Люди оказались досадной помехой в такой обстановке, они ничего не могли противопоставить новой доктрине, потому что клоны были глухи к их доводам, опиравшимся на чуждые им ценности. И люди рассредоточились по удаленным уголкам земли, которые были не интересны тщеславным клонам, они их обманули, клоны были уверены, что человечество на всей планете вымерло. А люди, которые по тем или иным причинам не смогли скрыться, затаились, мимикрировав под клонов. Им порой даже удавалось занять довольно высокие посты в клонских государствах.
Одним из серьезных вопросов стала проблема захоронения, клоны ликвидировали все кладбища, впрочем, как и родильные дома. Труп – это биоматериал, и точка. Захоронение его жестоко каралось. И если рожать женщины научились дома, с помощью сведущих в этом процессе соседок, то скрыть захоронение было очень сложно. Поэтому так и ценился старик Харон, отправляющий покойных односельчан в невозвратную бездну.
А тут эта беда – пропала лодка! Самое ужасное, что она, по– видимому, была украдена. Харон не сомневался, что никто на острове не мог этого совершить, но лодки-то нет, значит кто-то смог. Причем, кто-то из своих. Старая Марта могла не услышать шаги злоумышленника и возню с отвязыванием лодки, но чужого она непременно почувствовала бы. На собаку было горько смотреть, в уголках преданных глаз поблескивали слезы, даже толстые бока печально отвисли. Но Харон не проявил сочувствия, настенные часы показывали десять, в трактире «Вяленая рыба» в это время собирались главные люди острова на завтрак, во время которого обсуждались текущие дела, а он уже опаздывал. С досадой хлопнул за собой бесполезной дверью. Марта тяжело вздохнула, лапой толкнула дверные доски и поплелась за хозяином.
* *
Таверна «Вяленая рыба» располагалась в центре главной набережной, вымощенной светлой брусчаткой – широкой и плоской – очень удобной для прогулок.
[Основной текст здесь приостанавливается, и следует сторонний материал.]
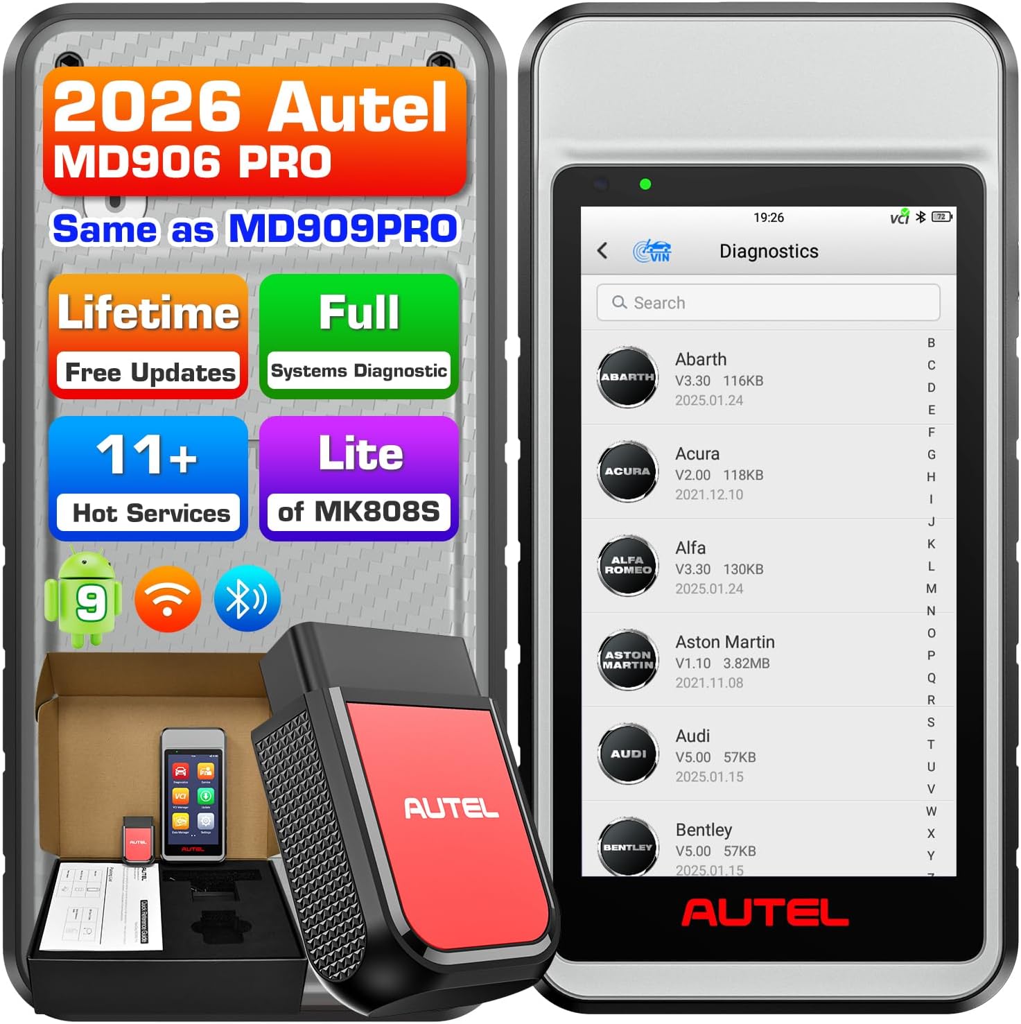 🔥【2026 Rule-Changer: Autel MD906 PRO】Autel MaxiDiag MD906 PRO OBD2 scanner diagnostic tool is absolute k-ing of co.st-effectiveness to date. As the lite version of MaxiCOM MK808S/ MK808/ MaxiCheck MX808, MD906 PRO obd2 scanner for cars collects m-ost essential functions: ✅11 Services ✅Full Systems Diagnostic ✅CAN-FD ✅Read/ Clear Codes ✅Lif.etime F-ree Up-dates ✅Complete OBD2 Functions ✅Auto VIN & Auto Scan ✅FCA AutoAuth & VW SFD ✅150+ Brands. Autel MD906PRO is a must-have for all technicians and home DIYers.

Правители острова и деревни неспроста перенесли сюда свои утренние совместные совещания. Прежде всего таверна соседствовала со старинным зданием ратуши, где проходили официальные мероприятия. И потом, с ее террасы открывался чудесный вид на причаленные напротив рыбацкие катера и парусные лодки. Неспроста это местечко облюбовали художники и фотографы. В таверну любой житель острова мог подойти со своей проблемой, подсесть за широкий стол, заказать кофе с маковым кренделем и обсудить с собравшимися свое дело. Впрочем, жители старались лишний раз их не беспокоить. В конце концов, каждый имеет право на завтрак с друзьями, к тому же они и так были доступны в любое время. Губернатор острова Эолис величественный Дидре, глава деревенской общины Ольсен и престарелый патер Грин весело смеялись над анекдотом, рассказанным казначеем Сескье. Они приветливо замахали Харону, пододвинули ему стул. Рядом со стулом тут же улеглась подоспевшая Марта – все ясно, срезала дорогу через кустарники. Харон сердито цыкнул на собаку. Правительство удивилось и насторожилось.